The weather was cold and raw but the virtually full stadium of 8,319 spectators provided a good atmosphere for what was Celtic’s first game since Hogmanay when they beat Rangers. There was never, I suppose, any great doubt about who the eventual winners were going to be, although the all-weather pitch at Airdrie, like all pitches of that ilk, took a little getting used to. It was good to see Kieran Tierney back for his first game since October, and although he was wisely taken off after about an hour in order to break him in gently, we saw enough to remind us of just what we had been missing.
Celtic scored about the hour mark with a chip from Scott Sinclair on the edge of the box. It looked for all the world as if it were going to hit the bar or sail harmlessly over, but Scott had judged it perfectly so that it entered the net at the very corner. Those who expected a deluge of goals were to be disappointed, for Albion Rovers stuck to their task very well and thwarted Celtic up to half time and well into the second half. Celtic, clearly struggling with the artificial pitch and the effects of the lay-off, took their time. Quite a few chances went abegging, but eventually in the 77th minute Scott Brown cut one back from the right and Dembele was on hand to do the needful. 13 minutes later and virtually at the end of the regulation 90 minutes, Stuart Armstrong added a third to ensure that Celtic would be in the draw for the next round at the end of the game.

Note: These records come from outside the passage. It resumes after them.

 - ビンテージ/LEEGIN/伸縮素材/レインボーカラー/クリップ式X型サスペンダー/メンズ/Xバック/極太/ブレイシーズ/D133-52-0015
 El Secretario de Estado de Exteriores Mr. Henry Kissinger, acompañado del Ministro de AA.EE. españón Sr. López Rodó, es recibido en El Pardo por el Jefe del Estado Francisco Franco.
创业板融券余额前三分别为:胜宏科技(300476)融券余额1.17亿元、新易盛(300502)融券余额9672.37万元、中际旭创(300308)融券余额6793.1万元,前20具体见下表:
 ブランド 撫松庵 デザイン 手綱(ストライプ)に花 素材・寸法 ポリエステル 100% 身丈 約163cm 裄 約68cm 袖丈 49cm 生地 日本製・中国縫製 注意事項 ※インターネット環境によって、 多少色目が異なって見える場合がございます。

The making of the draw for the next round of the Scottish Cup is normally a staid, stylised, stilted and stiff sort of affair with a pompous official saying Mr “so and so”will draw the home team and Mr “someone else” will draw the away team. It is not unheard of for mistakes to be made and everyone having to start again, as had happened embarrassingly in front of TV cameras last year. Not this time, however, for in a welcome innovation, the SFA invited Rod Stewart, pop singer, to do the needful. Rod was of course an unashamed Celtic (and Scotland) supporter and had attended the game before making the draw, being seen talking to the fans in the crowd before he did so.
Alan Stubbs, ex-Manager of Hibs and of course the last Manager to win the Cup was there to help as well, but it was Rod Stewart who stole the show with his rather eccentric method of diving into the urn to bring out each team. Some traditionalists were horrified at all that, but most people saw it as a laugh. The draw managed to keep Celtic, Rangers and Aberdeen apart but the best tie of the round was of course the Edinburgh derby at Tynecastle. Celtic had the task of facing Inverness Caledonian Thistle at Celtic Park. The weaker among us might have remembered the year 2000 and recoiled, but this was a different Celtic and indeed a different Inverness.

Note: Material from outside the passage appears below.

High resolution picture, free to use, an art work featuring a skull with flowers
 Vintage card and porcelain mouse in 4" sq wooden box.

A more recent painful Scottish Cup memory was of course the 2015 semi final. That was the day we met referee Steven McLean who made a howler by missing a fairly obvious hand ball, and then reduced us to ten men by sending off Craig Gordon. Inverness went on to win the Scottish Cup that year, but they were not doing so well now, and even though Griffiths and Armstrong were out injured, it was confidently expected that Celtic would drive them back up the A9, hammered and chastened, in this early Saturday kick off on February 11.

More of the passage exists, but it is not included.